When beating competitors simply means making them irrelevant


April 16, 2006

When big corporations as diverse as Nintendo and Cirque du Soleil are adopting ‘Blue Ocean Strategy’ in their marketing campaigns, you better watch out. Smart CEOs around the world are having a new book for their bedtime reading.

The book is titled: ‘BLUE OCEAN STRATEGY: How to Create Uncontested Market Space and Make the Competition Irrelevant’ co-authored by W. Chan Kim and Renée Mauborgne (Harvard Business School Press, 2005). It deals with new approaches to tackle competition in the market place.

BOS_Cover.jpg

In the book, the authors use the ocean as a metaphor to describe the competitive space in which an organisation chooses to swim. Red oceans refer to the frequently accessed market spaces where the products are well-defined, competitors are known and competition is based on price, product quality and service. In other words, red oceans are an old paradigm that represents all the industries in existence today.

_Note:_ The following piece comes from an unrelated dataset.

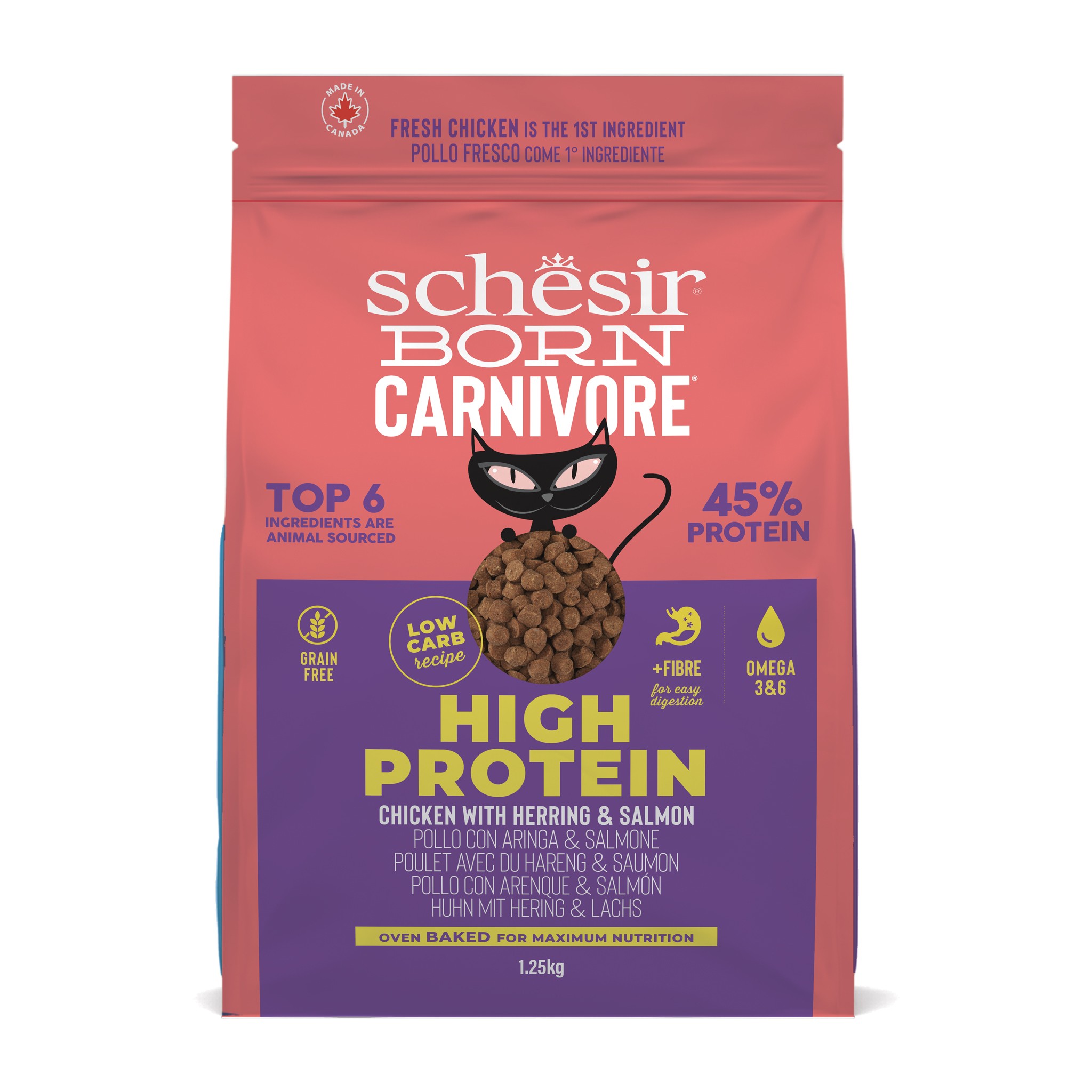 Z wysoką zawartością białka ≥43% i niską zawartością węglowodanów <12%, nowa linia Schesir Born Carnivore to idealna karma dla prawdziwych mięsożerców.

In contrast, the blue oceans denote an environment where products are not yet well-defined, competitors are not structured and the market is relatively unknown. Companies that sail in the blue oceans are those adept at beating the competition by focussing on developing compelling value innovations that create uncontested market space.

Kim and Mauborgne’s book is based on a study of 150 strategic moves that spanned more than a hundred years (1880 – 2000) and thirty industries. Ther authors argue that tomorrow’s leading companies will succeed not by battling competitors, but by making strategic moves which they call “value innovation”. It’s a grand design to create powerful leaps in value for both the firm and its buyers, unleashing new demand, thus rendering rivals obsolete.

Adopters of Blue Ocean Strategy believe that it’s no longer valid for companies to engage in head-to-head competition in search of sustained, profitable growth. If Michael Porter’s disciples have fought for competitive advantage, battled over market share, and struggled for differentiation, Blue Ocean strategists argue that cut-throat competition results in nothing but a bloody red ocean of rivals fighting over a shrinking profit pool.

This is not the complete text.